Evolution in the scope, aims and topics and text features of COVID-19 research over time suggest that ML classifiers which, like this one, that have been prospectively developed, are likely to need to be periodically retrained, recalibrated and re-evaluated, in order to minimise the risk of ‘losing’ (or ‘missing’) new bodies (or ‘strands’) of relevant research, with new ‘previously unseen’ text features, that are likely to emerge as the pandemic continues to unfold. Periodically updated training, calibration and evaluation data sets should be prospectively assembled to comprise records from three consecutive time periods, as we have done in the current study. This approach is robust in terms of its external validity, as it is consistent with the real-world use scenario in which such classifiers are deployed, where we do not know in advance how the research literature will evolve following their (re-) deployment. (Re-)calibrating and (re-)evaluating the classifier using records from consecutive time periods immediately succeeding the one covered by records in the
(re-)training dataset therefore confers further confidence (alongside the size and breadth of our study datasets) that any subtle evolution or ‘shifts’ in the scope and text features of bibliographic records of published COVID-19 research over time are unlikely to adversely impact on the performance of the deployed classifier in the short-term.
In late January 2021, the classifier developed in this study was deployed in the Cochrane COVID-19 register workflow, with records retrieved from PubMed and Embase.com being run through it. Workload reduction in terms of screening effort has been reduced in practice by approximately 20–25%, which is in line with the expected reduction based on this study. The classifier is also being used to help prioritise screening by ordering the records that score above the cut-point from highest to lowest score. Feedback from the screening team has indicated that records that receives high scores are almost always eligible studies, but they are often not the higher priority interventional studies. This is very likely due to the high prevalence of observational studies in the data sets used.

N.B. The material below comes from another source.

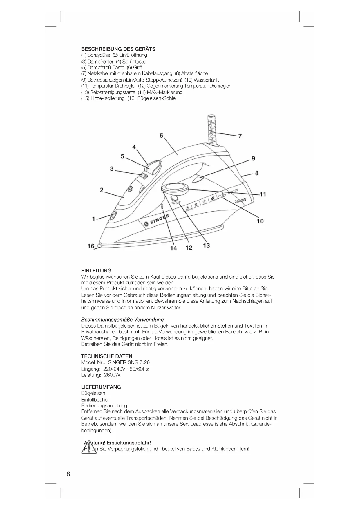 (1) Spraydüse (2) Einfüllöffnung (3) Dampfregler (4) Sprühtaste (5) Dampfstoß-Taste (6) Griff (7) Netzkabel mit drehbarem Kabelausgang (8) Abstellfläche (9) Betriebsanzeigen (Ein/Auto-Stopp/Aufheizen) (10) Wassertank (11) Temperatur-Drehregler (12) Gegenmarkierung Temperatur-Drehregler (13) Selbstreinigungstaste (14) MAX-Markierung (15) Hitze-Isolierung (16) Bügeleisen-Sohle EINLEITUNG Wir beglückwünschen Sie zum Kauf dieses Dampfbügeleisens und sind sicher, dass Sie mit diesem Produkt zufrieden sein werden. Um das Produkt sicher und richtig verwenden zu können, haben wir eine Bitte an Sie. Lesen Sie vor dem Gebrauch diese Bedienungsanleitung und beachten Sie die Sicher- heitshinweise und Informationen. Bewahren Sie diese Anleitung zum Nachschlagen auf und geben Sie diese an andere Nutzer weiter Bestimmungsgemäße Verwendung Dieses Dampfbügeleisen ist zum Bügeln von handelsüblichen Stoffen und Textilien in Privathaushalten bestimmt. Für die Verwendung im gewerblichen Bereich, wie z. B. in Wäschereien, Reinigungen oder Hotels ist es nicht geeignet. Betreiben Sie das Gerät nicht im Freien. TECHNISCHE DATEN Modell Nr.: SINGER SNG 7.26 Eingang: 220-240V ~50/60Hz Leistung: 2600W. LIEFERUMFANG Bügeleisen Einfüllbecher Bedienungsanleitung Entfernen Sie nach dem Auspacken alle Verpackungsmaterialien und überprüfen Sie das Gerät auf eventuelle Transportschäden. Nehmen Sie bei Beschädigung das Gerät nicht in Betrieb, sondern wenden Sie sich an unsere Serviceadresse (siehe Abschnitt Garantie- bedingungen). Achtung! Erstickungsgefahr! Halten Sie Verpackungsfolien und –beutel von Babys und Kleinkindern fern!9 SICHERHEITSHINWEISE Dieses Gerät kann von Kindern ab 8 Jahren und von Personen mit reduzierten physis- chen, sensorischen oder mentalen Fähigkeiten oder Mangel an Erfahrung und/oder Wis- sen benutzt werden, wenn sie beaufsichtigt oder bezüglich des sicheren Gebrauchs des Gerätes unterwiesen wurden und die daraus resultierenden Gefahren verstanden haben. Kinder dürfen nicht mit dem Gerät spielen. Reinigung und Benutzerwartung dürfen nicht durch Kinder ohne Beaufsichtigung durch- geführt werden. Das Bügeleisen darf nicht unbeaufsichtigt gelassen werden, während es am Netz ange- schlossen ist. Ziehen Sie den Stecker aus der Steckdose - vor dem Füllen des Wassertanks mit Wasser, - vor Reinigungs- und Wartungsarbeiten, - wenn Sie das Gerät verlassen. Ziehen Sie immer am Stecker und nie am Kabel. Die Füllöffnung darf während des Gebrauchs nicht geöffnet werden. Das Bügeleisen muss auf einer stabilen Oberfläche benutzt und abgestellt werden. Wenn das Bügeleisen auf die Abstellvorrichtung gestellt wird, ist sicherzustellen, dass die Fläche, auf der die Abstellvorrichtung steht, stabil ist. Das Bügeleisen darf nicht benutzt werden, falls es heruntergefallen ist, wenn es sichtbare Beschädigungen aufweist oder undicht ist. Das Bügeleisen und dessen Anschlussleitung müssen während des Einschaltens und Abkühlens außer Reichweite von Kindern sein, die jünger als 8 Jahre sind. Halten Sie das Netzkabel von scharfen Kanten und von der heißen Bügelsohle fern. Wenn das Netzkabel beschädigt ist, darf das Bügeleisen nicht mehr verwendet werden. Lassen Sie das beschädigte Netzkabel umgehend durch unseren Service oder eine ähnlich qualifizierte Person ersetzen, um Gefährdungen zu vermeiden. Verbrennungsgefahr! Die Oberflächen des Bügeleisens werden während des Betriebs heiß. GERÄTEEIGENSCHAFTEN Antikalk-System Ein spezieller Harzfilter im Wassertank macht das Wasser weicher und verhindert, dass sich Kalk auf der Bügeleisensohle bildet. Er ist ein permanenter Filter, der nicht ausge- tauscht werden muss. Bitte beachten Sie: Verwenden Sie ausschließlich Leitungswasser. Destilliertes bzw. demineralisiertes Wasser macht das „Zero-Calc“ Antikalk-System unwirksam, weil es seine physiochemischen Eigenschaften verändert. Verwenden Sie keine chemischen Zusatzstoffe, Duftstoffe oder Entkalker. Wenn die oben- stehenden Anweisungen nicht eingehalten werden, erlischt die Garantie. Tropf-Stopp Mit dem Tropf-Stopp-System können Sie sogar die empfindlichsten Stoffe perfekt bügeln. Bügeln Sie derartige Stoffe immer bei niedrigen Temperaturen. Dabei kann sich die Sohle so weit abkühlen, dass kein Dampf mehr entsteht, sondern Tropfen kochenden Wassers, die Flecken hinterlassen können. In einem solchen Fall unterbricht der Tropf-Stopp die weitere Wasserzufuhr und damit den Austritt von Wassertropfen. Auto-Stopp (Automatische Sicherheits-Abschaltung) Wenn das Bügeleisen längere Zeit nicht bewegt wird, schaltet sich das Heizelement automatisch aus. In diesem Fall wechselt die grüne Betriebsanzeige in die Auto-Stopp Anzeige und beginnt zu blinken. Zusätzlich sind sechs Tonsignale zu hören. In waagerechter Position auf der Bügelsohle wird der Auto-Stopp Modus nach 30 Sekun- den aktiviert, steht das Bügeleisen auf der Abstellfläche erfolgt der Auto-Stopp nach 8 Minuten. Wenn das Bügeleisen wieder bewegt wird, schaltet es sich wieder ein. Die grüne Betrie- bsanzeige leuchtet wieder dauerhaft und die gelbe Betriebsanzeige „Aufheizen“ leuchtet, bis die eingestellte Temperatur erreicht ist. Warten Sie, bis die gelbe Betriebsanzeige erlischt. Jetzt können Sie weiterbügeln. BEDIENUNG Allgemeine Hinweise Wenn Sie das Bügeleisen zum ersten Mal verwenden, bemerken Sie eventuell einen leichten Rauchaustritt oder Geräusche, die vom Ausdehnen von Plastikteilen stammen. DEU10 Dies ist völlig normal und hört nach kurzer Zeit wieder auf. Bevor Sie das Bügeleisen zum ersten Mal verwenden, empfehlen wir Ihnen, mit dem Bügeleisen ein altes Baumwollhandtuch mit der höchsten Temperatur- instellung und Dampffunktion zu bügeln, um mögliche Fertigungsrückstände vollständig zu entfernen. Anschließend das Bügeleisen abkühlen lassen und wie im Kapitel „Reinigung und Pflege“ beschrieben gründlich reinigen. Achtung! Verbrennungsgefahr! Fassen Sie das Büge

The Cochrane COVID-19 Study Classifier reduces screening burden by cutting the number of excludes to assess by approximately half. This is a helpful start but with the proportion of records eligible being around 50% (as it has been for the last 6 months for the CCSR), an ‘exclusion’ classifier can only do so much. In addition, the rate of publication on COVID-19 shows no sign of slowing with the number of new studies identified for the CCSR averaging 4600 per month over the last 6 months. Therefore, we are now developing additional automated approaches to maintain the CCSR. With over 60,000 COVID-19-related studies identified and tagged in the register, we are developing additional ML classifiers that will assign or suggest both study design characteristics and study aims to potentially eligible studies. We are also developing automated approaches to assigning PICO characteristics to interventional studies. Here, we will use crowd and ML capabilities in a hybrid approach to keeping up with the deluge of publications on COVID-19.